The first major change to the Triumph TR4 came in 1965, when the Triumph TR4A took over. Although the styling and basic running gear were much as before, the Michelotti design now hid a completely different chassis.
Two years earlier, Triumph had launched a new upper-middle-class sedan, the 2000, which featured a new type of independent rear suspension, with coil springs and cast alloy semi-trailing arms. For the TR4A, the engineers squeezed a slightly different version of this new rear end under the existing bodyshell. To support this, and to locate the chassis-mounted final drive casing, a new chassis frame had to be developed, this being more rigid than the original type and visually quite different.
The 1965 Triumph TR4A could be identified by its
tubular horizontal-bar grille that replaced the
stamped aluminum unit seen on the TR4.
Save for the fact that it was no faster, this latest TR was a much improved car, riding better and no longer suffering from the excessive rear-axle hop that had afflicted all previous TR types. Unless, however, you happened to buy a TR4A fitted with the old-fashioned beam axle.
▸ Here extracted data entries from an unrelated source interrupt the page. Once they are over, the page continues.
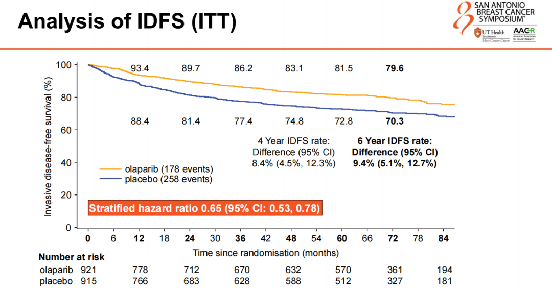 经过6年随访,奥拉帕利组与安慰剂组的无浸润性疾病生存率(iDFS)差异达9.4%(79.6%vs.70.3%,HR 0.65,95%CI:0.53-0.78),4年时的iDFS差异为8.4%。长期随访进一步证实,奥拉帕利可为早期患者带来持续的生存获益。此外,在意向治疗(ITT)人群中,奥拉帕利组也显示出远处无转移生存(DDFS)的改善,两组6年DDFS率为83.5%vs.75.7%,绝对获益7.8%(HR 0.65,95%CI:0.53-0.81)。总生存(OS)方面,奥拉帕利组6年OS率为87.5%,安慰剂组为83.2%,绝对获益4.4%(HR 0.72,95%CI:0.56-0.93),说明其可进一步改善患者的总生存。
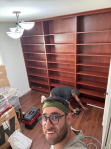 Service: Full-service custom design, in-house fabrication, and professional installation of a traditional, library-style built-in bookshelf.
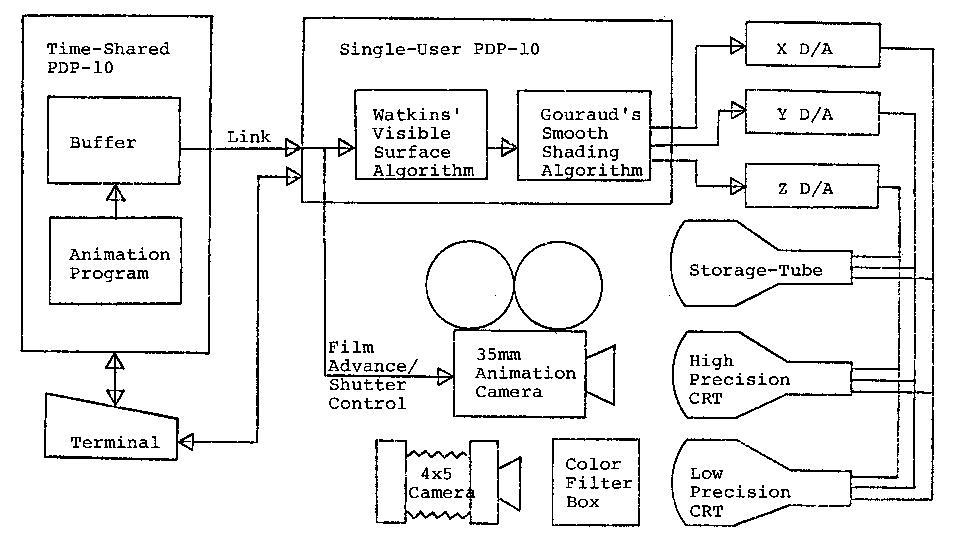 The system used to produce animated sequences, and the half-tone renderings included in this paper is shown in Figure 6. This system uses two PDP-l0 computers. One of these is a dedicated machine that allows only one user at any given time. This processor is interfaced to the special equipment needed to produce half-tone pictures. The other PDP-1O is time-shared, and runs under the TENEX operating system. There is a link between the machines that allows data to be transfered between them.
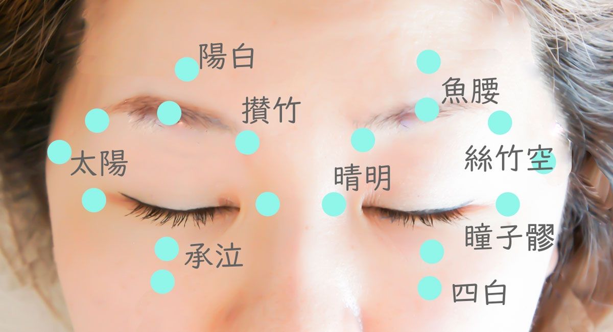 ①目の周りの筋肉、ツボに鍼を刺し、目への血液循環を促す

Once again, U.S. Triumph dealers -- looking over their shoulders at the MGB -- could be blamed. Unwilling to face up to higher prices, or an unproven suspension system, they lobbied for an alternative. Therefore, Triumph somehow married the old axle and leaf springs to the new frame, reducing the price a little in the process. Maybe one-third of all TR4As got the beam axle, most of them apparently being sold on the East Coast.
Visually, TR4As could be identified by a tubular horizontal-bar grille that looked more substantial than the cheaper stamped aluminum unit on the TR4. Running lights and amber flashers duplicating the directional signals were placed in fussy housings riding high on the front fenders, trailed by a chrome strip that faded away just above the door handles. The amber lights were blacked out on U.S. cars.